Владимир Войнович пишет письмо главному редактору "Нового мира" Сергею Залыгину с предложением напечатать что-нибудь из его произведений, но Залыгин отказывается.
На 6-й международной московский книжной ярмарке советские власти конфискуют несколько книг изд-ва "Ардис", в том числе: "Школу для дураков" Саши Соколова, "Москва 2042" Войновича и "Ожог" Аксенова.
"8 февраля 1897 года скончался большой русский поэт Иван Елагин (Иван Венедиктович Матвеев). Дед поэта Н.П.Матвеев был журналистом, издателем, автором очерков по истории Владивостока. Отец Елагина поэт-футурист Венедикт Март (Матвеев), погиб в тридцатые годы сталинского террора...
О Елагине писали много, почти единодушно признавая за ним право считаться первым среди поэтов послевоенного периода. Сейчас, через несколько месяцев после кончины поэта, хочется вспомнить и запечатлеть не только творческий, но и человеческий его облик, - вспомнить хоть некоторые черты характера его...
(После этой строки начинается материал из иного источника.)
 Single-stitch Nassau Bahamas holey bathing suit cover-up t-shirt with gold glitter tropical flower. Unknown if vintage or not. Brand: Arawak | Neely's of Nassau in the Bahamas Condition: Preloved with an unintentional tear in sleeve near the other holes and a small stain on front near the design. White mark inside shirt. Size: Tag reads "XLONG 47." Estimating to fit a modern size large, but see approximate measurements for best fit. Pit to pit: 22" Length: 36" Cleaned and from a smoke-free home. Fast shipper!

Однажды, несколько лет назад, гостила я в уютном доме Елагиных в Питсбурге, где буквально все стены увешаны картинами двух друзей поэта - художника Сергея Бонгарта и Сергея Голлербаха. Далеко за полночь тогда Иван Венедиктович читал мне стихи и показывал свои прекрасные переводы американских поэтов...
Тогда впервые я заметила два оттенка в характере Ивана Елагина: гордость и печаль. Есть это и в его творчестве. Была в нем также твердая уверенность в себе, то есть в своем мастерстве, и вместе с тем какая-то необыкновенная незащищенность, ранимость, оставшиеся у него до последних дней. Поэта могло глубоко задеть какое-нибудь неверное высказывание о его стихах и необыкновенно обрадовать внимание к его творчеству..." (В.Синкевич. "Грани", #145).
Е.Евтушенко дает интервью немецкому журналу "Штерн" и говорит о Солженицыне: "...Я считаю признаком плохого вкуса и проявлением высокомерия нападки человека, проживающего на Западе, на своих советских коллег, которые продолжают бороться за свободу. Он не имеет на это права".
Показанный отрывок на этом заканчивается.